Required action: Without reproducing any picture, copy the records word for word.

Dataset excerpts:
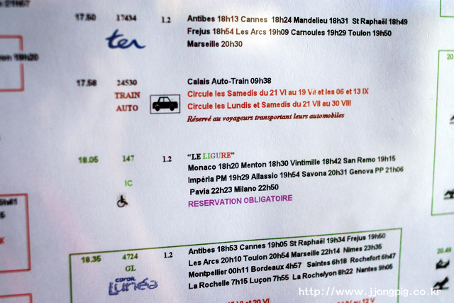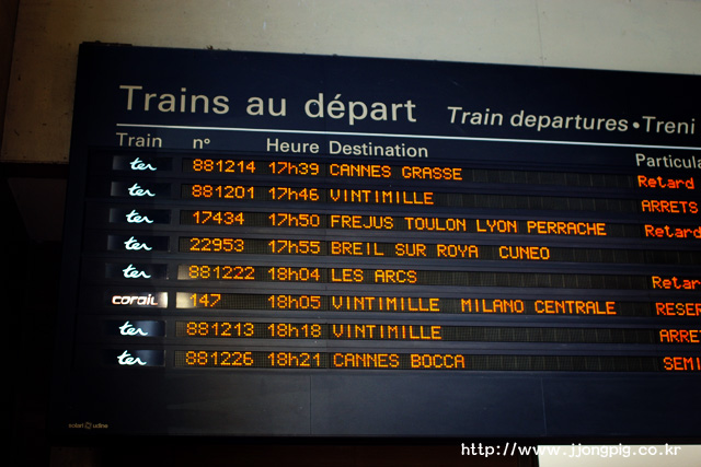 - 대부분 칸느나 Grasse에서 출발해 Ventimiglia를 종점으로 하는 열차들이다.
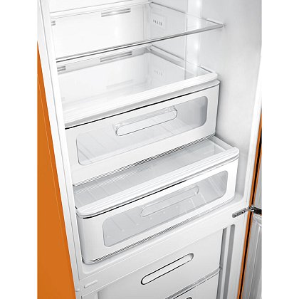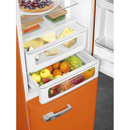 Холодильник SMEG FAB32ROR5 предназначен для кратковременного хранения различных готовых блюд, охлаждённых продуктов и напитков, а также для заморозки и длительного хранения замороженных продуктов и полуфабрикатов. Полки изготовлены из закалённого стекла, благодаря чему выдерживают большую нагрузку. Полки на дверцах выполнены из пластика. Данная модель идеально подойдёт для авторских интерьеров в уникальном стиле или для кухонь в классическом исполнении.
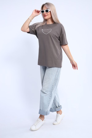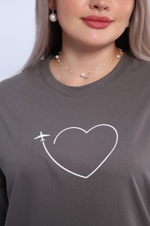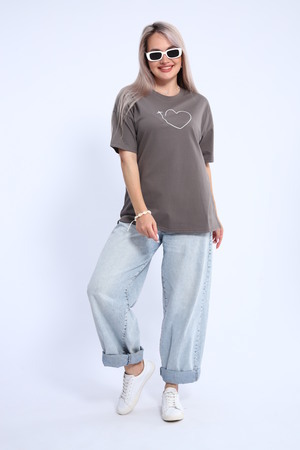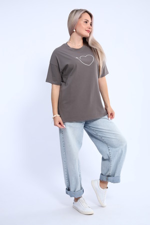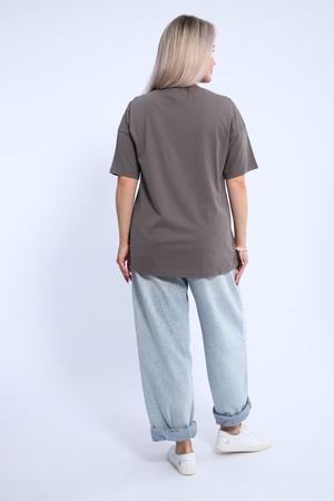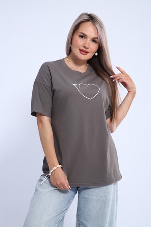 Футболка для женщин прямого силуэта, длиной до середины бедер. Рукав втачной, короткий. Горловина округлой формы. Полочка футболки украшена принтом.
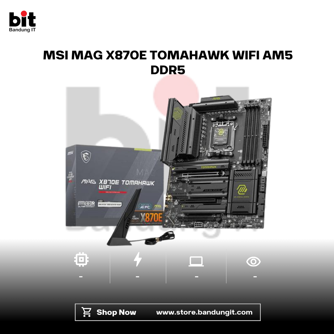 MSI MAG X870E TOMAHAWK WIFI adalah motherboard ATX kelas high-end untuk platform AM5 yang dirancang mendukung prosesor AMD Ryzen terbaru, termasuk seri 9000. Mengusung dukungan DDR5 hingga 256GB (4x UDIMM) dengan kecepatan hingga 8400+ MT/s (OC) serta kompatibel dengan AMD EXPO, CUDIMM, dan overclocking, board ini menawarkan performa memori ekstrem untuk gaming dan produktivitas berat.
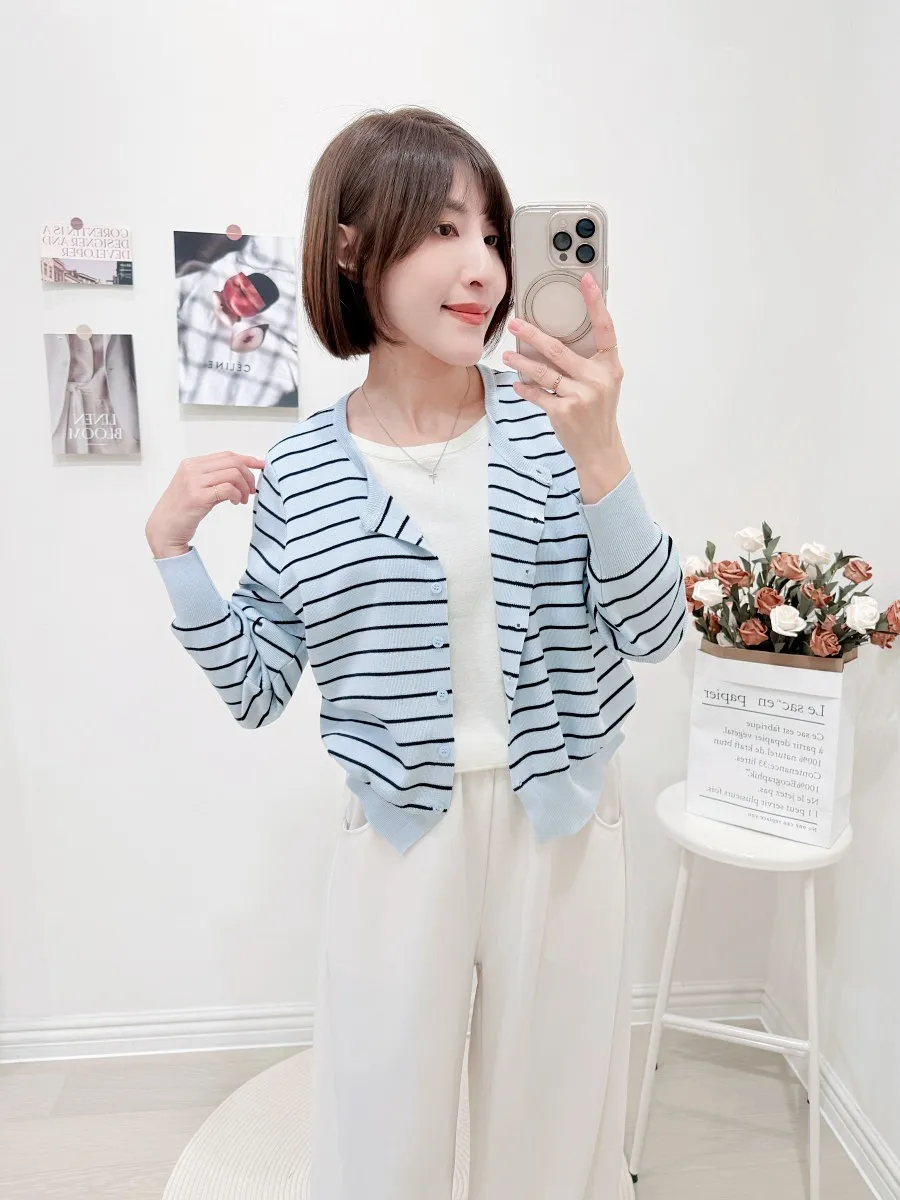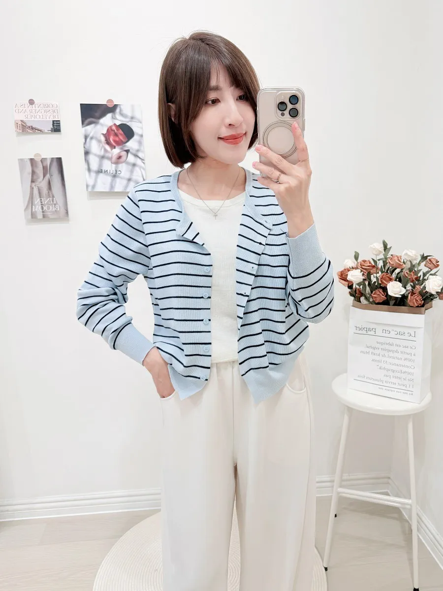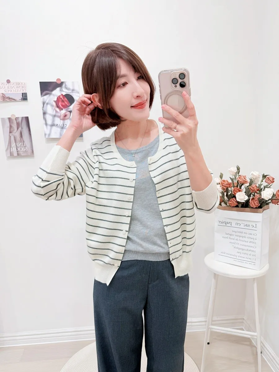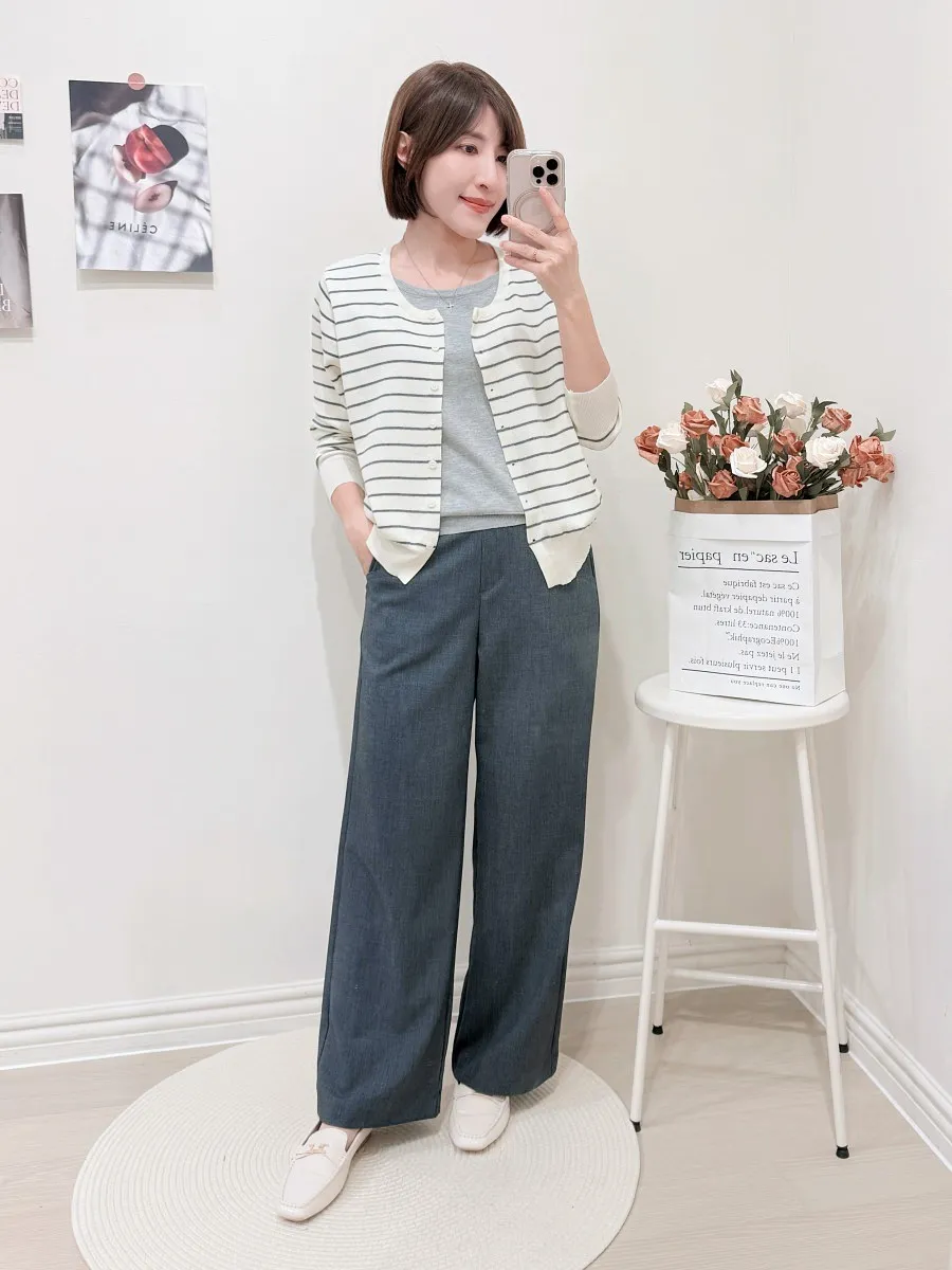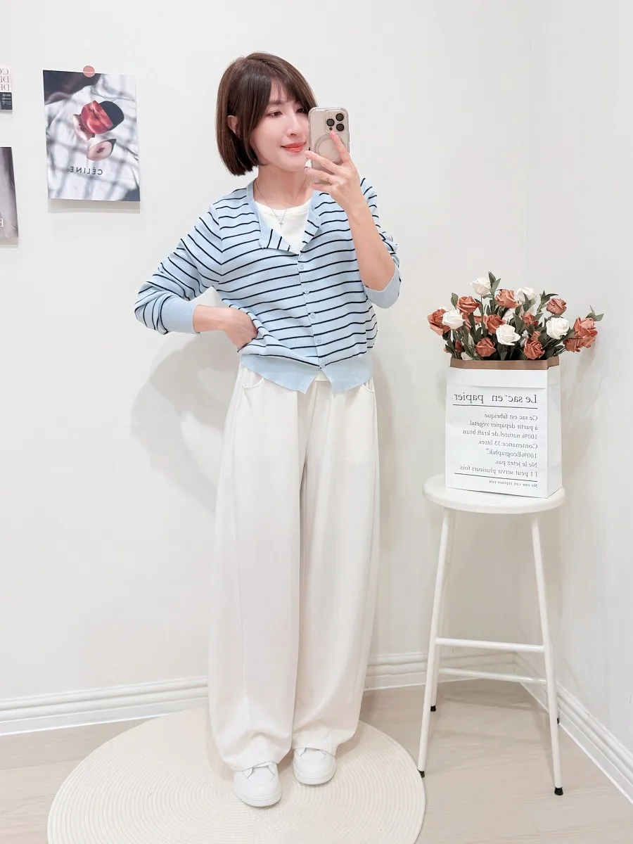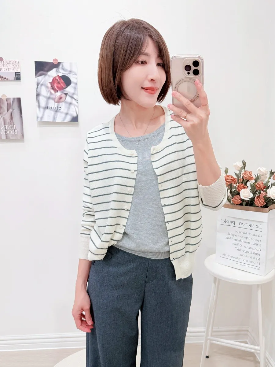 正韓 條紋假兩件針織開衫 2色
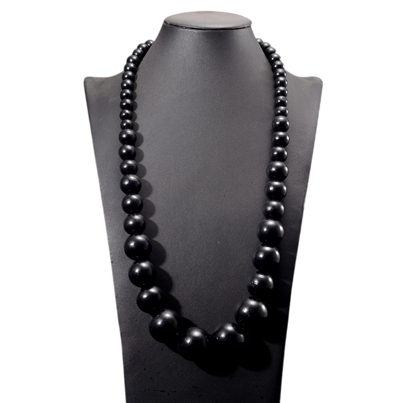 Las cuentas están hechas de madera y tienen una superficie lisa. El aumento gradual del tamaño hacia el centro crea un aspecto equilibrado. El collar tiene un diseño simple, pero al mismo tiempo es notable gracias al color y la forma de cada una de las cuentas.
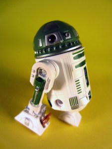 The Green R9 Series Astromech Droid is one of those pesky "new" figures in the Star Tours droid part bins. If you want an R9, you gotta go to Orlando. Some colors look better than others, and the green ain't bad.
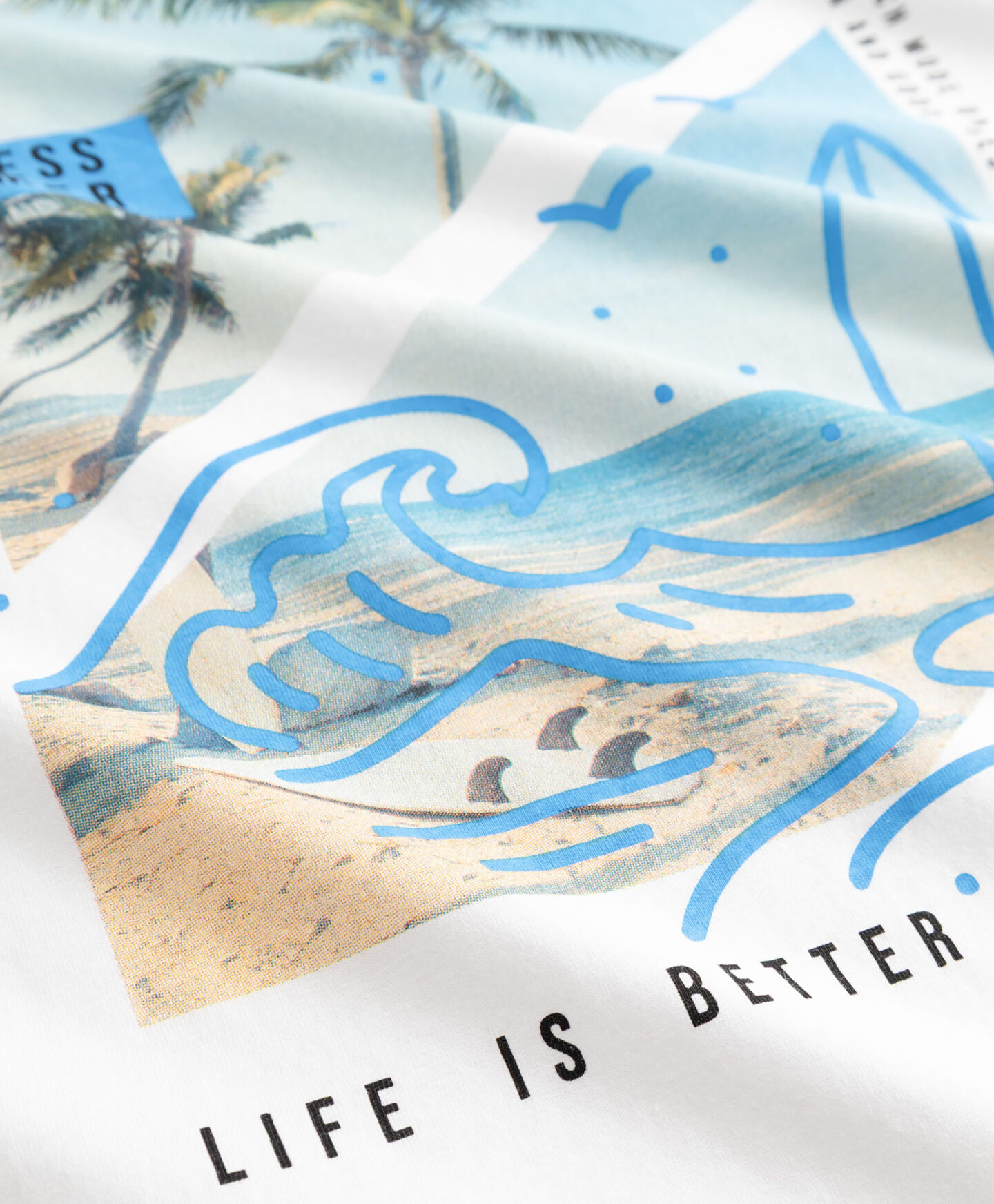 Bela majica za dečke 100% bombaž je hit sezone. Bombaž tudi med najbolj intenzivno igro na soncu koži omogoča, da diha. Material je mehak in trpežen. Edinstven motiv na sprednji strani nikoli ne gre iz mode!

Exercise result:
 - 대부분 칸느나 Grasse에서 출발해 Ventimiglia를 종점으로 하는 열차들이다.
 Холодильник SMEG FAB32ROR5 предназначен для кратковременного хранения различных готовых блюд, охлаждённых продуктов и напитков, а также для заморозки и длительного хранения замороженных продуктов и полуфабрикатов. Полки изготовлены из закалённого стекла, благодаря чему выдерживают большую нагрузку. Полки на дверцах выполнены из пластика. Данная модель идеально подойдёт для авторских интерьеров в уникальном стиле или для кухонь в классическом исполнении.
 Футболка для женщин прямого силуэта, длиной до середины бедер. Рукав втачной, короткий. Горловина округлой формы. Полочка футболки украшена принтом.
 MSI MAG X870E TOMAHAWK WIFI adalah motherboard ATX kelas high-end untuk platform AM5 yang dirancang mendukung prosesor AMD Ryzen terbaru, termasuk seri 9000. Mengusung dukungan DDR5 hingga 256GB (4x UDIMM) dengan kecepatan hingga 8400+ MT/s (OC) serta kompatibel dengan AMD EXPO, CUDIMM, dan overclocking, board ini menawarkan performa memori ekstrem untuk gaming dan produktivitas berat.
 正韓 條紋假兩件針織開衫 2色
 Las cuentas están hechas de madera y tienen una superficie lisa. El aumento gradual del tamaño hacia el centro crea un aspecto equilibrado. El collar tiene un diseño simple, pero al mismo tiempo es notable gracias al color y la forma de cada una de las cuentas.
 The Green R9 Series Astromech Droid is one of those pesky "new" figures in the Star Tours droid part bins. If you want an R9, you gotta go to Orlando. Some colors look better than others, and the green ain't bad.
 Bela majica za dečke 100% bombaž je hit sezone. Bombaž tudi med najbolj intenzivno igro na soncu koži omogoča, da diha. Material je mehak in trpežen. Edinstven motiv na sprednji strani nikoli ne gre iz mode!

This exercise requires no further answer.